Another claim often made in justifying the “just pretend it’s fine” approach in distributed systems design is that sufficiently high-quality equipment does not fail, or at least fails so rarely that you do not need to worry about it. This claim would be understandable, though incorrect, coming from the makers of such equipment, but it is usually the users of such gear, such as designers of distributed database software, who are heard making such claims. (The designers of GPS, which Spanner and others rely on, certainly did not subscribe to this kind of claim. There are almost 30 GPS satellites, and you need to see only four of them for the system to work. Each of those satellites has multiple redundant atomic clocks so it can continue functioning when one of them breaks.)
One of the most common mistakes in building distributed systems is assuming we can escape from basic physical realities.

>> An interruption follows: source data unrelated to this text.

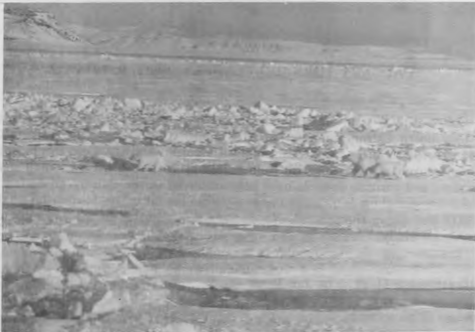
("Old Time") Ice Observers Eureka Sound Sept 1974.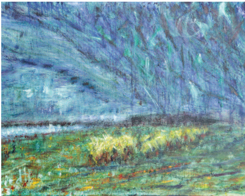
Loin d'être toujours figuratifs, les paysages de Serge Friedli conviennent à l'évasion. (l'dd)

Passionné par les chromatismes et les paysages citadins, Serge Friedli sera à La Voirie à Bienne une semaine dès le 10 février prochain. Après une série d'expositions plutôt orientées vers Neuchâtel, Serge Friedli revient à Bienne, près de l'Ancienne Couronne où il avait déjà captivé un public averti. Cette fois, c'est à La Voirie, du 10 au 18 février, que l'artiste présentera ses œuvres, pratiquement toutes postérieures à celles présentées lors de sa dernière exposition entre 2020 et 2021, avec un vernissage le 9 février, invitant les amateurs d'art à plonger dans son univers coloré et urbain.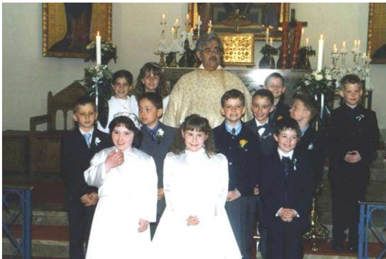
die Kommunionkinder der Pfarrei Daleiden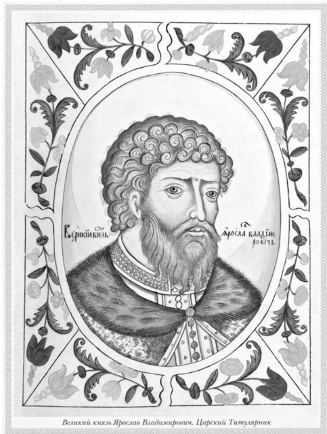
Ярослав Мудрый. Реконструкция М. М. Герасимова. 1939 год.

Ученые уверены, что Ярослав Мудрый вылечил рак губы мухомором и чагой, про примочки чаги есть тексты на новгородских берестах.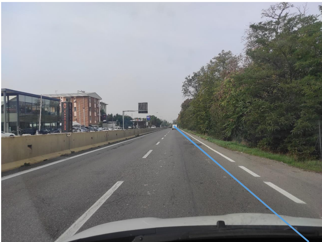
Figura 21. Strada Regionale 10 - Posa linea elettrica su strada asfaltata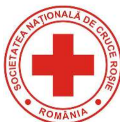
Crucea Roșie România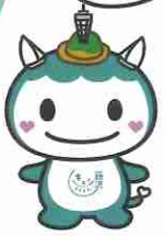
「キュンとするまち。藤沢」 公式マスコットキャラクター ふじキュン♡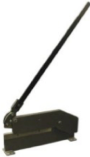
Cizalla disponible como opción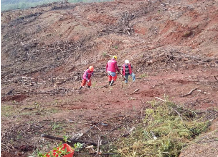
Figura 1. Día 2 de la restauración de la cuenca hidrográfica por parte de Bosques Cautín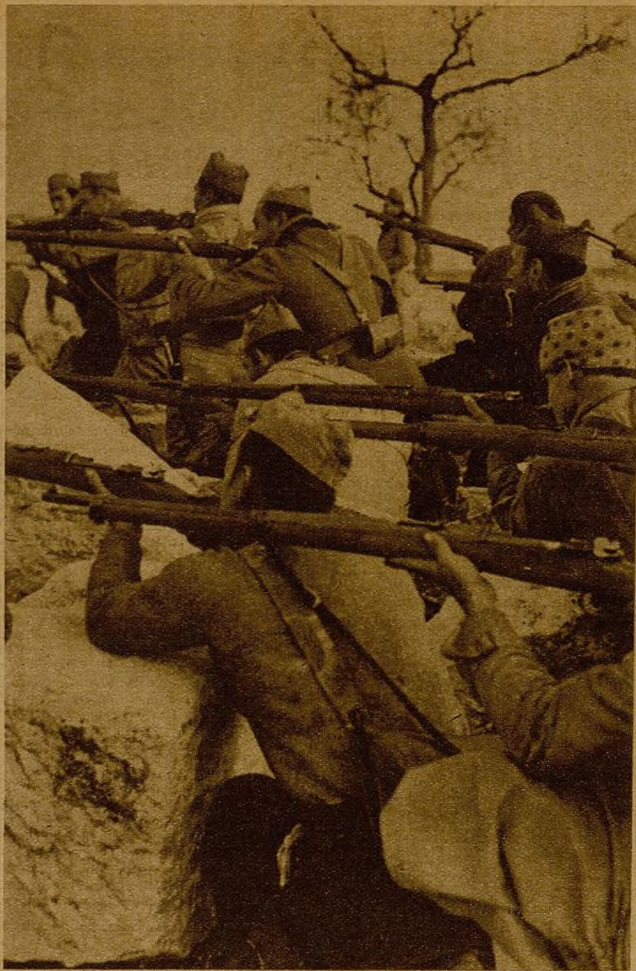
Los combatientes de todos los frentes tienen prisa por acelerar la victoria, tienen prisa por ayudar al Euzkadi amenazado. Quieren ganar la guerra pronto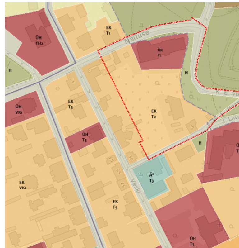
Väljavõte Tartu linna üldplaneeringust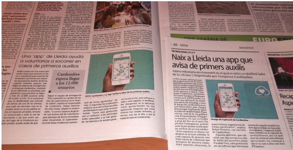
Cardionlive ha estat notícia pel disseny de la seva nova app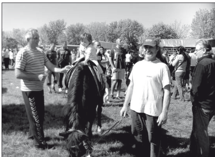
Aki idejében megüli a lovat

Nagy volt az állatvásár, malacot azonban csak néhány helyen árultak többnyire viszonteladók. A márciusi vásár óta megdrágult a malac. Az akkori 240-250 dináros kilónkénti árral szemben, most 300 dinárt kértek az árusok. Több helyen kínáltak bárányt, birkát és kecskét is. Legnagyobb forgalmuk mégis a bárányárusoknak volt. A májusi ünnepek előestéjén úgy vitték a bárányt, mintha ingyen osztották volna. A magánszemélyek általában egyesével, de a vendéglősök többsével vásároltak, és különként 250 dinárt fizettek a jószágért elősúlyban. A birkák kilója 220-230 dinár volt. Egy kisbárányt általában nagyságtól függően 3000-5000 dinárért vásárolhattunk. Kecskét 5000-6000 dinárért vehettünk, szamarat pedig 320 euróért. A vásár végéig sem cserélt gazdát a csacsi. A vágásra szánt lovak kilója egy euró körül mozgott. A borjak ára kortól, nemtől és nagyságtól függően 250 és 400 euró között alakult. Rengeteg volt a lábasjószág: a kiscsirke 40-60, a kiskacsa 120-250, a kisliba 300-450 dinárba került. A kismulák 300-500, míg a süldőmulák 1000 dinárba kerültek. A terrier kiskutyáért 1000, a puliért 1500 dinárt kértek.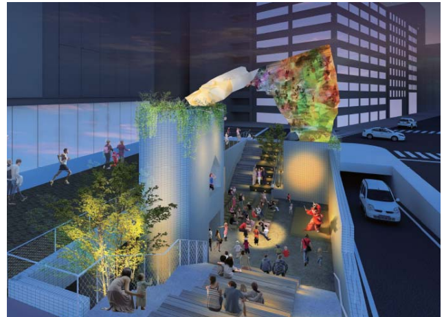
図-1 リニューアル工事完成イメージ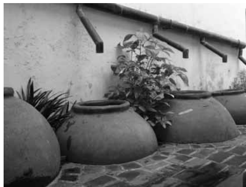
Figura 3: Uno de los elementos identitarios más importantes de Camagüey, el tinajón, que para recolectar agua de lluvia se colocaba en los patios de las casas. Por ello se otorgó a la urbe el apelativo de “ciudad de los tinajones”.

Entre las primeras valoraciones aparecidas para la protección de los monumentos o bienes culturales, enmarcadas en el primer momento, de continuidad de la tradición decimonónica, no se define el patrimonio, solo se menciona. Se le aprecia como monumentos, elementos conmemorativos, obras maestras, o sea, no se concibe aún que otros elementos comunes, populares o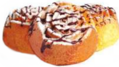
Флорентино Творожный кекс декорированный глазурью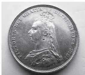
Шиллинг с изображением королевы Виктории. 1887 г.

«...насколько может быть свободен человек, получающий одиннадцать шиллингов и шесть пенсов в день». Шиллинг ( shilling ) — общее название европейских монет, произошедшее от солида — римской золотой монеты. В Англии долгое время был лишь денежно-счетной единицей (до нормандского вторжения равнялся 5 пенсам, после него и вплоть до 1971 года — 12 пенсам; 20 шиллингов равнялись 1 фунту стерлингов). Но как монета стал чеканиться лишь в 1502 году в правление Генриха VII. В конце XIX века 11 шиллинг в день — средняя сумма, впрочем немалая. За один шиллинг на городском базаре можно было купить самое дорогое кушанье того времени — ананас! Пузырек с лекарством стоил полтора шиллинга. А торговцы на рынке, как свидетельствуют, получали «баснословные деньги», а именно 20—30 шиллингов в день! Одно время Доил подрабатывал помощником врача в Бирмингеме, и некий доктор Хор, как свидетельствуют биографы, ему неплохо платил — два фунта в месяц, т. е. 40 шиллингов. На большее студент-медик, еще пока недоучка, претендовать и не мог. Но Доил смог за полгода скопить неплохую сумму — практика, которой следует каждый британец: главное не уровень дохода, а умение экономить! Пенни ( penny ), иногда пенс ( pence ) (во мн. ч. пенсы ( pence )) для начисления суммы, пенни ( pennies ) для нескольких монет) — английская монета, чеканившаяся с XI века из серебра, меди, бронзы, а также разменная монета современного Соединенного Королевства, составляет сотую долю фунта стерлингов.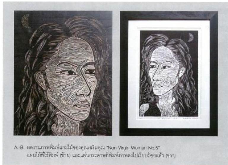
A-B. ผลงานภาพพิมพ์แกะไม้ของคุณเสริมคุณ "Non-Virgin Woman No.5" แผ่นไม้ที่ใช้พิมพ์ (ซ้าย) และแผ่นกระดาษที่พิมพ์ภาพลงไปเรียบร้อยแล้ว (ขวา)

และสุดท้าย คุณจก ผู้มีผลงานศิลปะมากมายหลายแขนง ทั้งถ่ายภาพ เขียนหนังสือ ประพันธ์บทเพลง วาดเส้น จนมาถึงงานแกะไม้ แต่กลับให้นิยามตัวเองไว้ว่าเป็นเพียงคนที่รักในศิลปะ ทั้งในฐานะผู้สร้างงาน และในฐานะผู้สนับสนุนวงการศิลปะเท่านั้น มีสิ่งที่จะฝากถึงคนรุ่นใหม่ในวงการศิลปะบ้านเราครับ “ก็เหมือนที่ อ.จักรพันธ์ุ เนนะนาม อ้อ คุณเสริม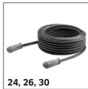
24, 26, 30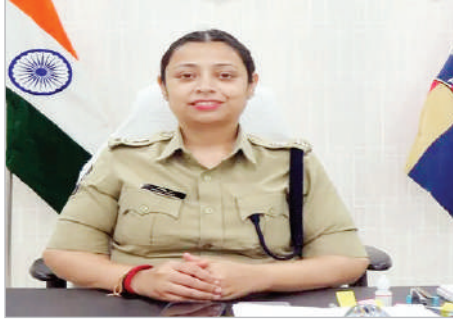
సేకరించడంతో పాటు నిందితులను త్వరగా పట్టుకునే

జిల్లాలో ప్రజలకు వేగవంతంగా, పారదర్శకంగా పోలీస్ సేవలను అందించేందుకు Onsite డోర్ ఎఫ్ఐఆర్ విధానాన్ని అమలు చేస్తున్నామని జిల్లా ఎస్పీ నితికా పంత్ అన్నారు. హత్యాయత్నం, అత్యాచార యత్నం, డోపిడీ, చోరీ, మహిళలు-చిన్నారుల పై నేరాలు, తీవ్రమైన రోడ్డు ప్రమాదాలు, పోక్సే కేసులు, ఎస్సీ/ఎస్టీ కేసులు, బాల్యవివాహాలతో పాటు ర్యాగింగ్ వంటి ఘటనల్లో పోలీస్ స్టేషన్ వెళ్లకండా..! బాధితులు ఉన్న ప్రదేశానికే వెళ్లి పోలీసు, అధికారులు ఎఫ్ఐఆర్ నమోదు చేస్తారని చెప్పారు. సంఘటన స్థలంలోనే కేసు నమోదు చేయడం వల్ల ఆధారాలు వేగంగా

One of the most common variants of such claims is “the network is reliable,” in the context of a local, in-data-center network. Many systems have undefined and most likely disastrous behavior when networks behave poorly. The people who want to sell you these systems justify their choice to ignore reality by explaining that such failures are extremely uncommon. By doing this, they do their customers a double disservice. First, even if such events were rare, wouldn’t you want to understand how your system would behave when they do occur, in order to prepare for the impact those events would have on your business? Second, and worse, the claim is simply a lie—so bald-faced a lie, in fact, that it is the very first of the classic eight fallacies of distributed computing.7,15 The realities of such failures are well documented in a previous ACM Queue article,3 and the evidence is so very clear and present that anyone justifying software design choices by claiming “the network is reliable” without irony should probably not be trusted to build any computing systems at all. While it is true that some systems and networks might not have failed in a way a given observer could notice, it would be foolish to base a system’s safety on the assumption it will never fail.
The opposite approach to this waving-off of physical problems is to assume that almost nothing can be counted on, and to design using only formal models of a very adversarial world. The “asynchronous” model that FLP was proved on is not the most adversarial model on which to build a working system, but it is certainly a world much more hostile than most developers believe their systems are running on. The thinking goes that if the world you model in is worse than the world you run in, then things you can succeed at in the model should be possible in the real world of implementation. (Note, distributed systems theorists have some models that are more difficult to succeed in, such as those including the possibility of “Byzantine” failure, where parts of the system can fail in much worse ways than just crashing or delaying. For a truly adversarial network/system model, you could see, for example, either the symbolic or the computational models used by cryptographic protocol theorists. In that world, system builders really do assume your own network is out to get you.)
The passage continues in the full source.